Com uma intriga paralela em que um povo é trazido para o Egipto para construir a pirâmide (talvez uma piscadela de olhos à escravidão bíblica do povo hebreu), apesar de um enredo insipiente, este desvio dá-nos os pontos mais altos do filme. Estes relacionam-se com os métodos de construção da grande pirâmide, bem como com o seu dramático encerramento, em que nos parece estarmos a assistir a um verdadeiro momento histórico, ligado àquela maravilha do mundo.

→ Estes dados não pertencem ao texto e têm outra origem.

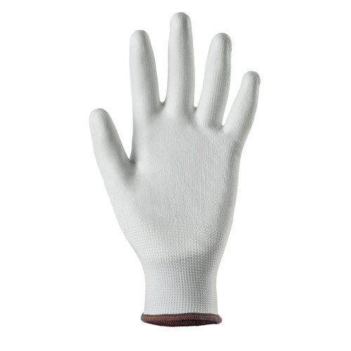 Fehér, varrás nélküli, poliészterrel erősített, 13-mas kötésű kesztyű, fehér poliuretánnal mártott tenyérrel és kötött mandzsettával.

Embora filmando com a sua habitual classe, e conseguindo uma interpretação interessante de Joan Collins, Howard Hawks, servido de mau material, tinha nas suas mãos o maior fracasso da sua carreira. O realizador faria mesmo um interregno de quatro anos, devido ao desalento causado por “A Terra dos Faraós”. Talvez o tempo dos épicos históricos estivesse a chegar ao fim, mas as suas obras maiores estavam ainda por nascer.

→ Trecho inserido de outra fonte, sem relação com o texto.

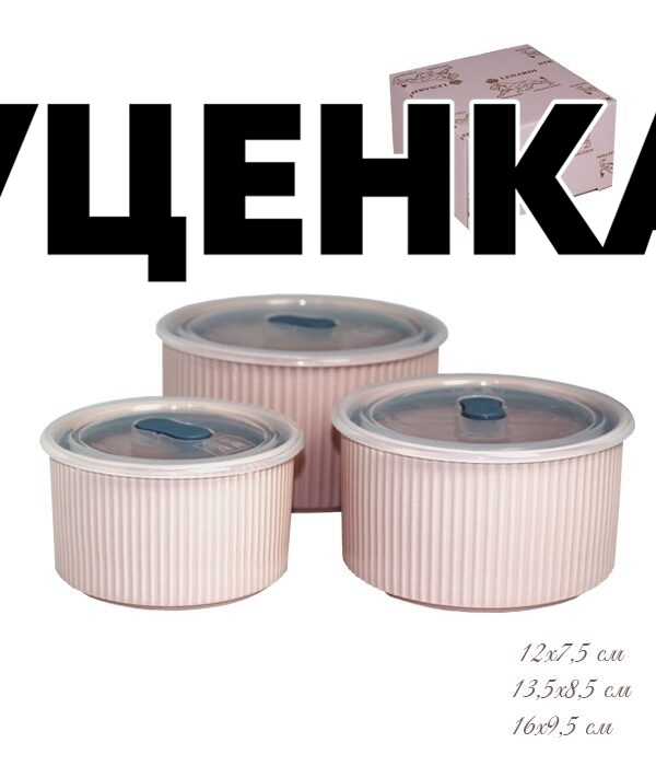 Уценка 1 шт из набор из 3 салатников с крышками в под.уп.

Jack Hawkins e Joan Collins

Produção:

Título original: Land of the Pharaos; Produção: Continental Company; País: EUA; Ano: 1955; Duração: 108 minutos; Distribuição: Warner Bros.; Estreia: 24 de Junho de 1955 (EUA), 14 de Dezembro de 1955 (Portugal).

Equipa técnica:

Realização: Howard Hawks; Produção: Howard Hawks; Produtores Associados: Arthur Siteman, Chuck Hansen [não creditado]; Argumento: William Faulkner, Harry Kurnitz, Harold Jack Bloom; Música: Dimitri Tiomkin; Fotografia: Lee Garmes, Russell Harlan [filmado em CinemaScope, cor por WarnerColor]; Montagem: Rudi Fehr; Direcção Artística: Alexandre Trauner; Figurinos: Mayo, Lucilla Mussini [não creditada]; Caracterização: Emile LaVigne; Efeitos Especiais: Donald Steward; Director de Produção: Chuck Hansen.

Elenco:

Jack Hawkins (Faraó Khufu), Joan Collins (Princesa Nellifer), Dewey Martin (Senta, Filho de Vashtar), Alexis Minotis (Hamar, O Sumo-sacerdote), James Robertson Justice (Vashtar, Mestre Arquitecto), Luisella Boni [como Luisa Boni] (Kyra), Sydney Chaplin (Treneh, Capitão da Guarda), James Hayter (Mikka, Criado de Vashtar), Kerima (Rainha Nailla), Piero Giagnoni (Xenon).